また、高湿度にも気を付ける必要があり、特に夏場はエアコンで除湿するなどして調節しましょう。湿度は高くても60%以下にしておくのが理想です。

その他注意点

  • 被毛が長いアンゴラは、排泄物などの汚れがこびり付き、最近が繁殖したのが原因で皮膚病、特に皮膚炎を引き起こす場合があります。そのため、皮膚病を防ぐためにもケージ内の清掃はこまめに行うよう気を付けましょう。また、汚れがついてしまった場合には、お風呂でぬるま湯につけて洗ってあげたり、濡れ布巾でふき取ってあげましょう。
  • アンゴラが自ら毛繕いをした際に、大量の毛を飲み込んでしまわないよう、毎日丁寧にブラッシングをしてあげる必要もあります。毛を飲み込み過ぎると毛球症という病気に繋がるので注意が必要です。毛球症は毛がおなかの中で固まる病気で、そのままにしておくと死に至る恐ろしい病気です。この病気のサインとしては、食欲がなかったり排泄が少なくなったりといったことが挙げられます。
  • 換毛期には特に毛が抜けるため、1日に2、3回はブラッシングが必要となります。毛が伸びすぎてしまった場合には飼い主自らカットしてあげる必要も出てきますので、トリミング用品は必ず揃えておきましょう。カットを行う際、バリカンは音によってアンゴラにストレスを与えてしまうため、ハサミを使用しバリカンは控えてください。
  • アンゴラはちょっとしたことでストレスを感じてしまい体調を崩しやすい品種であり、他のウサギよりも下痢をしやすい特徴も見られます。下痢を起こしてしまっている場合は、必要に応じて乳酸菌サプリを与えてあげることもおすすめします。
  • げっ歯類のウサギを飼育する際には、歯の伸びすぎを防止する齧り木が必ず必要となりますので、忘れずに用意しましょう。以下のページも参照してください。

齧歯類のかじり木はどうする?種類や注意点は?

アンゴラウサギの餌

アンゴラの餌は朝夕2回、牧草を中心としてペレットを1割ほど加え与えてあげます。副食として野菜や果物を与えてあげると栄養バランスが整います。

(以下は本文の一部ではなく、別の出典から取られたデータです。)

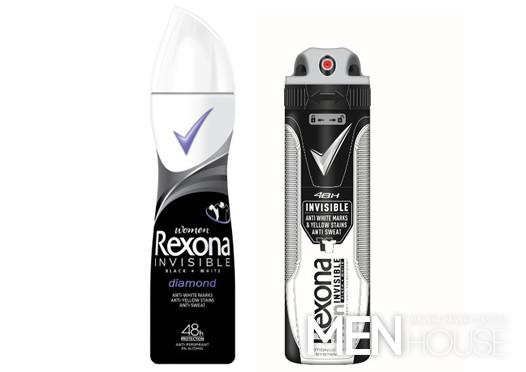 Řada dámských i pánských antiperspirantů Rexona Invisible Black + White představuje dosud nejúčinnější produkt značky Rexona, který spolehlivě bojuje proti žlutým skvrnám na bílém a bílým stopám na černém oblečení. Samozřejmostí je také 48hodinová ochrana proti pocení. Pánský antiperspirant Rexona Invisible Black + White ve spreji navíc aktuálně zvítězil ve velkém testu antiperspirantů pro muže, který proběhl ve Státním zdravotním ústavu. Muži ocenili nejen jeho 48hodinovou prevenci proti pocení, účinnou i při namáhavých činnostech, ale zejména spolehlivou ochranu před skvrnami na oděvu. Antiperspiranty Rexona Invisible Black + White jsou za nezávaznou doporučenou spotřebitelskou cenu 77,90 Kč k dostání v podobě spreje či tuhého antiperspirantu a v dámské řadě také v kuličkové variantě.

また、アンゴラのお腹にたまった長い毛を排泄するため、パパイヤサプリを使用するとより良いでしょう。健康管理には十分気をつけ、愛情をもって育ててあげてください。

アンゴラウサギの寿命

平均寿命は基本的に約5年とされますが、上手に飼育すれば10年生きることも可能と言われています。

アンゴラウサギの値段

アンゴラウサギは希少価値の高いウサギで、血統書がついたものだと値段は10万円程度です。安ければ5万円程度で入手することも可能ですが、あまりに安いものは裏がある可能性があるので注意が必要です。扱っているショップも多くないので、探すのに苦労するかもしれません。

里親サイト経由で譲り受けたり、ブリーダーから直接問い合わせて入手するなどの方法もあります。アンゴラウサギの場合は、むしろそちらの方が入手しやすいかもしれません。

スポンサーリンク

最後に

アンゴラウサギはとてもかわいらしいウサギで、ペットとして魅力のあるウサギです。半面、普通のウサギと同じように飼育できるわけではなく、値段も高いため初心者が安易に飼育できるウサギではありません。夏場の温度管理なども大変で、初期費用のほかに電気代などの維持費もそれなりにかかることが予想されます。そのあたりは踏まえたうえで、飼育してみたい方は是非チャレンジしてみてください。